Lumetric has installed 500 of its SmartPods, although half of those installed are from the now-discontinued first version of SmartPod. Lumetric has begun to work with Sylvania Lighting Services; it is also talking with Comverge. Fun facts: the global installed base of 31 billion luminaires (lighting fixtures) consumes 4.7 billion kilowatt hours of power. HID lighting accounts for 17 percent of total lighting energy use in the U.S. Put another way, four percent to six percent of total daily U.S. electricity use goes to HID lights.

Metrolight. Mood lighting for warehouses. Electronic ballasts and controls for traditional HID bulbs. Similar to Lumetric but older: it has been at this since 1996 and its equipment has 2 billion operating hours under its belt. Virgin Green Fund and Israel's Gemini are investors. Metrolight's electronic ballast controls the lamp with a constant train of electronic pulses. The lamp lights quicker, sputtering is minimized, and lower energy consumption and longer life for the bulb results.

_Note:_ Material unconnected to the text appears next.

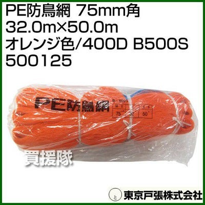 東京戸張 PE防鳥網 75mm角 32.0m×50.0m [オレンジ色/400D] B500S 500125 [カラー:オレンジ]
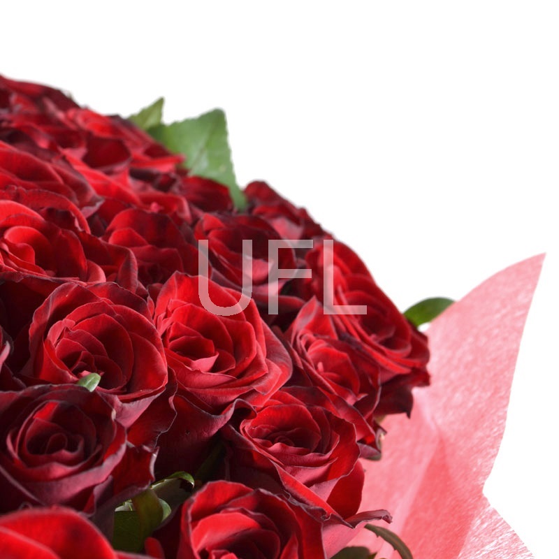 • Состав: Упаковать букет цветов (3 шт.) · Лента на цветы (3 шт.) · Роза красная до 50 см (101 шт.)

Ed Hammer, the man who invented the CFL, told me the ballasts were state of the art in an interview in 2007.

Digital Lumens: Similar story to Lumetric's, but with LEDs instead of HID bulbs. In one particular case study, Digital Lumens dropped a customer's cold storage facility lighting bill 95 percent, from $225,000 to $10,000. The site was 268,000 square feet, and is used 24 hours a day, 7 days a week, 365 days a year with a 10 percent occupancy. 

To get around some of the perceived shortcomings of LED bulbs in these environments, the company has devised its own fixture with onboard computers, sensors, decision-making engines and other features. Think the Cadillac Escalade of warehouse lighting.

Judging from Diuguid’s comments, don’t expect a lot of lost love between these two companies, but considering the size of the market, the customer base, the amount of power that can be saved and the more complex nature of the technology, these two (along with Metrolight) could well be the most attractive on the list.